Reactor 10 also includes biofilm carriers or media 20. Details of the biofilm carriers 20 are not dealt with herein because their construction and use is well known and appreciated by those skilled in the art. Biofilm carriers are typically made of plastic material with a density close to the density of water (1 g/cm³). In some cases, the density of the biofilm carriers is less than the density of water which means that they float in the wastewater contained in reactor 10. In many cases, floating carriers are preferable because their use generally increases the capacity of the reactor. In other cases, the density of the carriers 20 might be above the density of water, in which case these biofilm carriers sink when not being physically mixed with the wastewater in the reactor. It is appreciated that these biofilm carriers 20 support an active biomass or biofilm which is used to biologically treat wastewater in the reactor 10.

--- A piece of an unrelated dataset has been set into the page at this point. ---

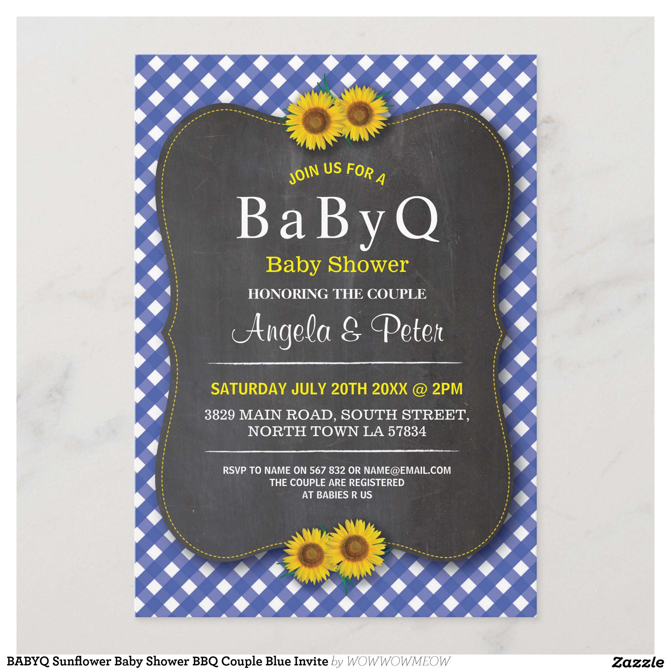 BABYQ Sunflower Baby Shower BBQ Couple Blue Invite
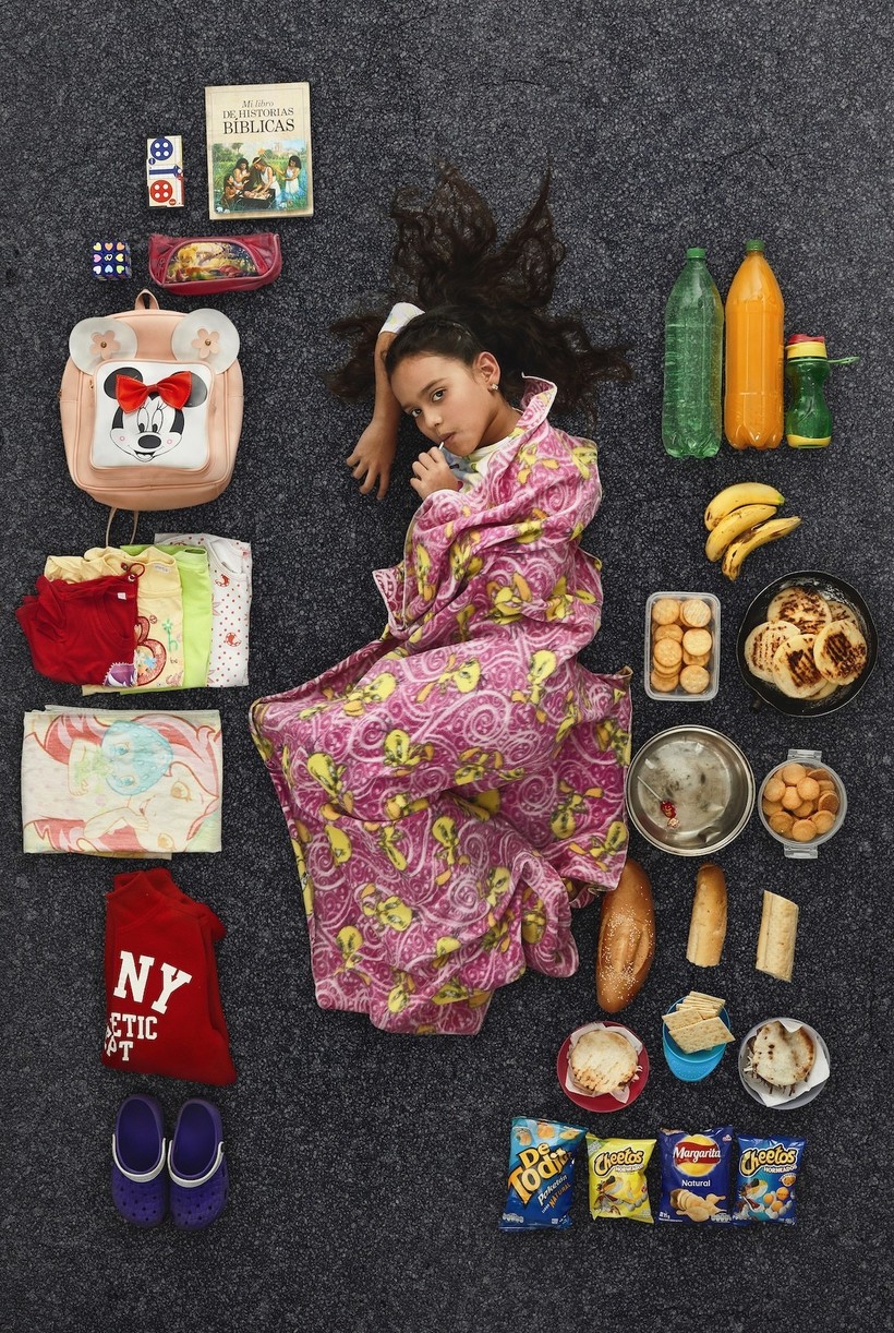 На снимках вокруг них разбросаны продукты питания из их обычного рациона и предметы того скромного имущества, которые они смогли забрать из своих домов с собой в дорогу. Многие из этих семей с трудом сводят концы с концами. Тем не менее они не оставляют надежды на лучшую жизнь.

To mix the wastewater and the biofilm carriers 20, there is provided aeration grids 14 and a mixer or mixers 22. In some processes capable of being performed in the reactor 10, the mixer 22, along with air dispersed by the aeration grid 14, mixes the biofilm carriers 20 such that they are generally uniformly distributed throughout portions of the reactor 10. Generally, reactor mixing is mainly provided by the aeration. Mixers are used for special occasions such as startup and when anoxic phases are integrated into the SBR sequences.

To discharge treated water from the reactor 10, there is provided a fixed biofilm carrier retaining screen or screens (carrier screen), indicated generally by the numeral 24, for discharging treated wastewater from the reactor 10. Carrier screen 24 serves two functions. First, it serves to discharge treated water from the reactor 10. When reactor 10 is an MBBR, treated wastewater is continuously discharged via the carrier screen 24. When reactor 10 assumes an IFAS SBR, the carrier screen 24 is configured to be a decanter. Secondly, it acts as a retaining screen and prevents the biofilm carriers 20 from being discharged with the treated water from the reactor 10. One of the advantages of the present invention is that the carrier screen 24 serves to discharge treated water when the reactor 10 operates as an MBBR or as an IFAS SBR. Therefore, if there is occasion to convert the reactor 10 from an MBBR to an IFAS SBR, substantial modifications do not have to be made to the reactor 10.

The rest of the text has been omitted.